Obvious Russian Troll
I would second Tana French. She has a new one coming out soon.
Abir Mukherjee has a series of novels set in colonial India. I’ve enjoyed the first two and have the next two queued up.
zhena gogolia
@Steeplejack (phone):
Strange says something about a rat, Mrs. Thursday has to beat off a rat with her broom, and there was another rat appearance somewhere, I can’t remember.
JPL
Beast in View was $4.99 for my nook.. That’s the first one I downloaded.
Steeplejack (phone)
@randy khan:
Professor T. is very good. I take him to be “on the spectrum,” but it’s handled in a non-gimmicky way.
Also Baptiste. (I think it’s on Passport.)
WaterGirl
@zhena gogolia: Yeah, now that you mention it, I did catch the cat references, but took them to be an indication of a serial killer, which was no surprise with a murderer on the loose.
I guess I took the the icky stuff in the visions to be the personification of danger/evil, as opposed to taking them literally.

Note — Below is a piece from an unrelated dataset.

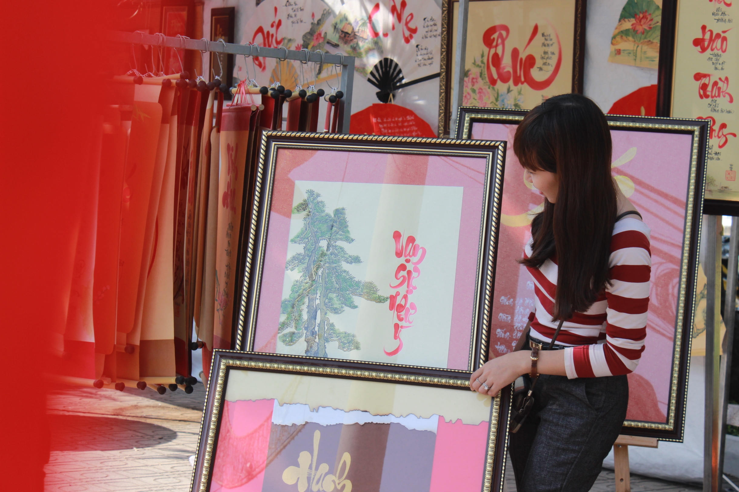 Không chỉ những người già mà rất nhiều bạn trẻ cũng đến phố ông đồ tại Biên Hòa để xin chữ và ngắm những bức tranh thư pháp tuyệt đẹp. Mỗi bức tranh thư pháp có giá dao động từ 50 ngàn – 500 ngàn, tùy vào mức độ lớn bé cũng như được trang trí bằng khung nào.

If you are correct, a bunch of stuff went right over my head. We’ll find out tonight. At least some of us! :-)
Ceci n est pas mon nym
On my shelf waiting for me to read, is a collection of Chief Inspector Maigret stories, which I guess you would call police procedurals, in the Parisian police.
I’ve read a few Maigret novels in English, but the collection is in French which takes me a little time and energy to read, so I have to kind of work up some momentum.
5x5
@JMG: I need to second this. I need to read him again (it’s been years.) Ross Thomas should be better known. His books are a lot of fun – great characters.
Ceci n est pas mon nym
@Ceci n est pas mon nym: Didn’t get an edit button for some reason.
The Maigret stories are by Belgian author Georges Simenon if anyone is interested. They’re supposed to be extremely popular in the French-speaking world.
BQuimby
Read the GAMACHE books in order. It IS crticical to the character development and the references in the stories.
Brachiator
@WaterGirl:
I didn’t realize that I had not watched Masterpiece in a while. Did they start requiring separate subscriptions to the series?
The first episode showed under PBS on YouTube TV, but not later episodes.
FelonyGovt
Two Los Angeles area writers, first Michael Connelly. I’m reading his latest, Fair Warning, about a reporter.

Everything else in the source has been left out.